Study on Dynamic Load Balancing Based on Load Predicition and Overload Migration
|School||Qingdao Technological University|
|Course||Applied Computer Technology|
|Keywords||Load Prediction Load Migration Genetic Algorithm Simulated Annealing Optimize Portfolio|
In today’s era of information explosion, new applications continue to emerge ,the traffic of data flow and calculation of the enterprise network、campus network or on the Internet intensity increased. The traditional single-server mode has apparently been unable to meet the high scalability, high availability network services to deal with the growing load capacity. Therefore a server clusters conformed with high-performance servers become an effective structure to achieve high scalability and high availability of network services.Cluster technology is to connect many independent servers and provide services with the external form of the whole cluster. Service requests must be assessed on every server to achieve the parallel running、shorten the access time and optimize the overall performance. Load balancing mechanism is the core issue of cluster technology.Effective load balancing mechanism can extend the server bandwidth and increase system throughput, but the influence of the node performance parameters in cluster server system and the dynamic and instability of the load make it very difficult to achieve the whole system load balancing use a simple single-task scheduling program. So the study on dynamic feedback load balancing algorithm based on load migration is proposed.The study in this article mainly includes two parts: the load prediction and load migration. With the feedback dynamic collection of the performance parameters data of the node of the cluster server, we use the ARMA(p,q) model to predict the node load status.
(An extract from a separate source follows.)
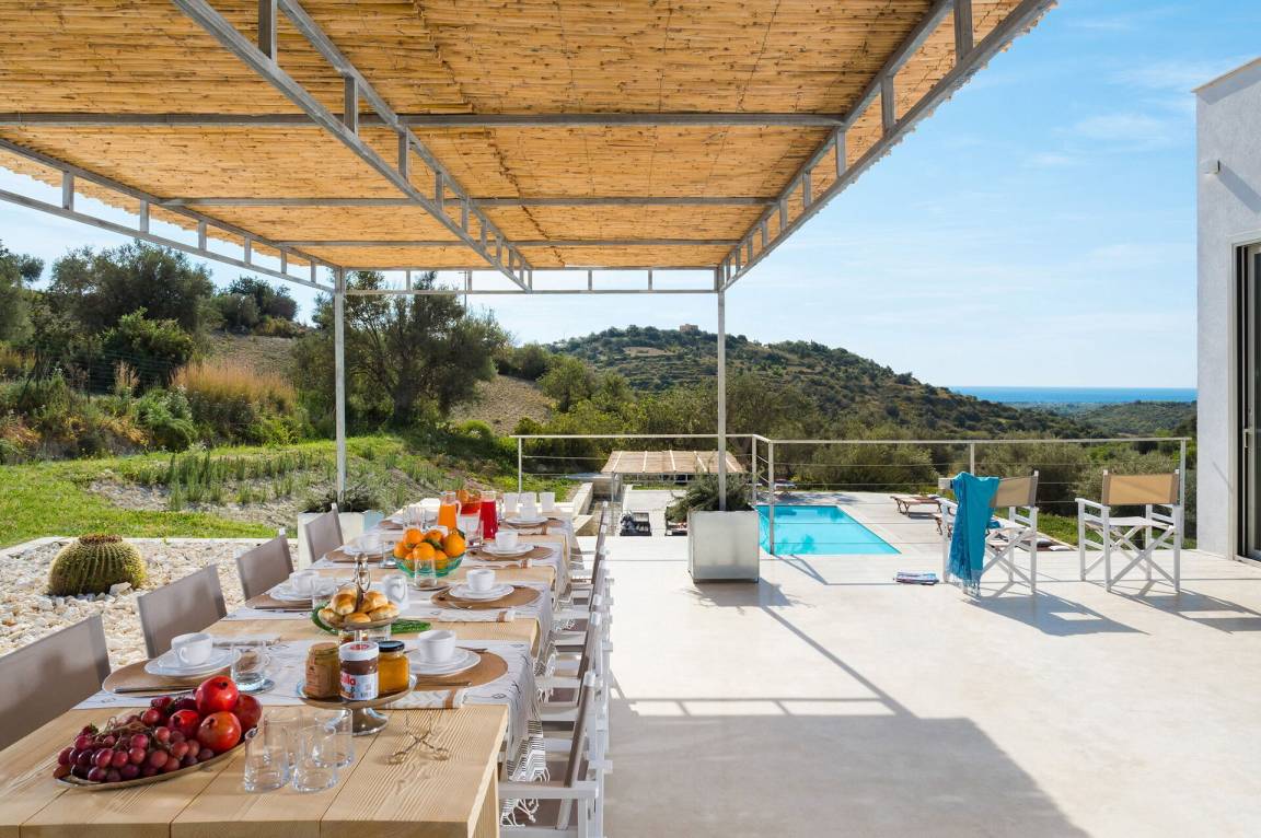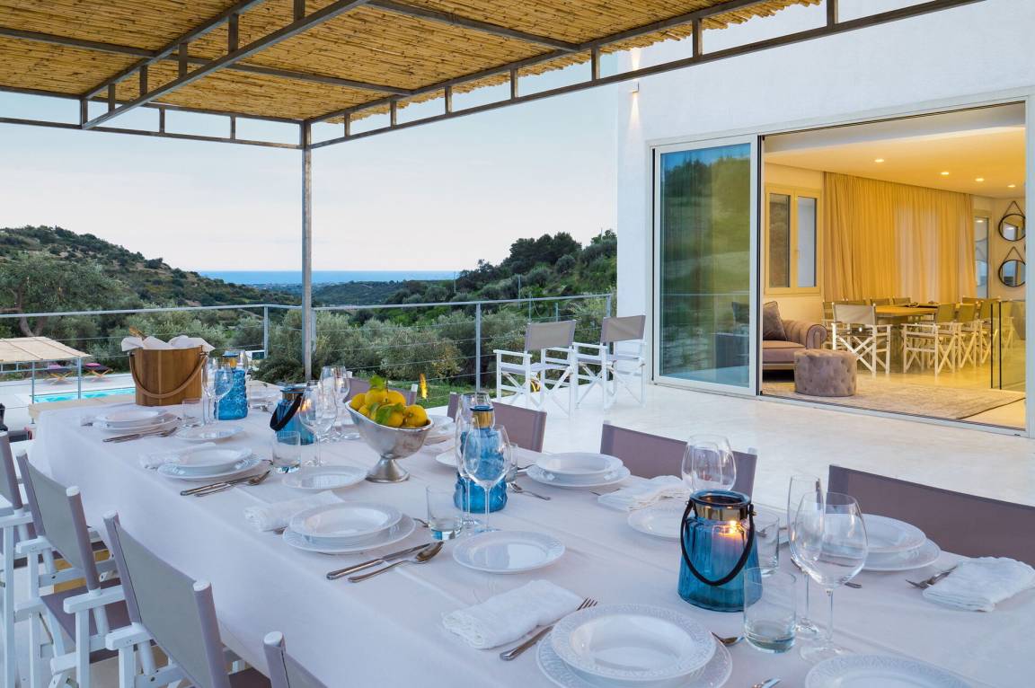 Terrasse: Außenbereich für das Essen im Freien, Esstisch (Personen: 10), WiFi Internet, Terrassenmöbel, zehn Sonnenliegen.

Because there is a certain degree of the prediction model adaptiong and the load balancing after the predition, on the basis of node load prediction we introduced an improved simulated annealing genetic algorithm optimization to select the corresponding node to load migration as a supplement to load balance. With the more accurate prediction of the server node workloads, try to allocate the mission reasonablly to the service node, at the same time perform load migration strategy to the overload node, so each node will take a more balanced load, thereby enhancing the flexibility of the network server and its data processing capabilities, achieve the overall system load balancing, improve system quality of service.